You probably won't need to do much with this class. wxEuphoria creates a wxApp object automatically.
Yields control to pending messages in the windowing system. This can be useful, for example, when a time-consuming process writes to a text window. Without an occasional yield, the text window will not be updated properly, and on systems with cooperative multitasking, such as Windows 3.1 other processes will not respond.
Caution should be exercised, however, since yielding may allow the user to perform actions which are not compatible with the current task. Disabling menu items or whole menus during processing can avoid unwanted reentrance of code.
Note that Yield() will not flush the message logs. This is intentional as calling Yield() is usually done too quickly update the screen and popping up a message box dialog may be undesirable.
Calling Yield() recursively is normally an error and an assert failure is raised in debug build if such situation is detected. However if the onlyIfNeeded parameter is true, the method will just silently return false instead.
This is the procedure that should be used to exit the program.
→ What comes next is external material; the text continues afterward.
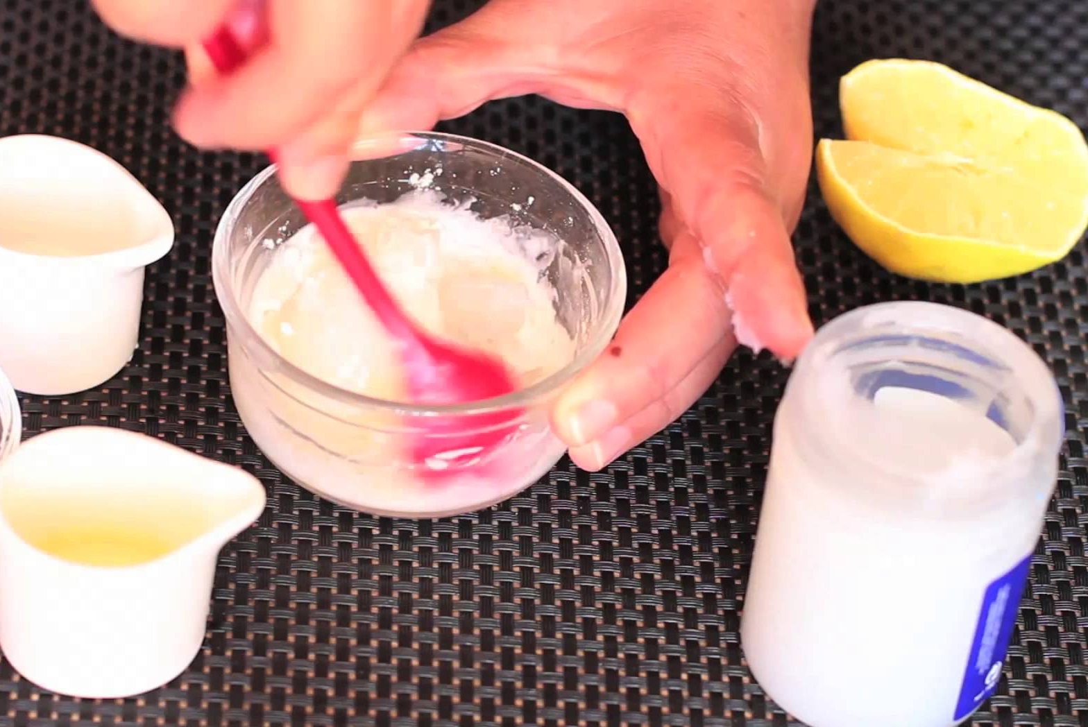 نمزج المكونات كلها حتى نحصل على خليط متجانس ثم نضعه على اليدين ونتركه لعدة دقائق بعد ذلك نشطفه بالماء الفاتر، تكرر هذه العملية بانتظام للحصول على نتيجة رائعة و مبهرة.

If you create an on close event for your main frame, this must be called from the event handler, or your application will not close. wxEuphoria automatically does this for you if you do not define an on close event.
Returns the application name.
Remarks
wxWidgets sets this to a reasonable default before calling wxMain, but the application can reset it at will.
Returns the application's vendor name.
Returns true if the application is active, i.e. if one of its windows is currently in the foreground. If this function returns false and you need to attract users attention to the application, you may use request_user_attention() to do it.
Sets the name of the application. The name may be used in dialogs (for example by the document/view framework). A default name is set by wxWidgets.
Sets the name of application's vendor. The name will be used in registry access. A default name is set by wxWidgets.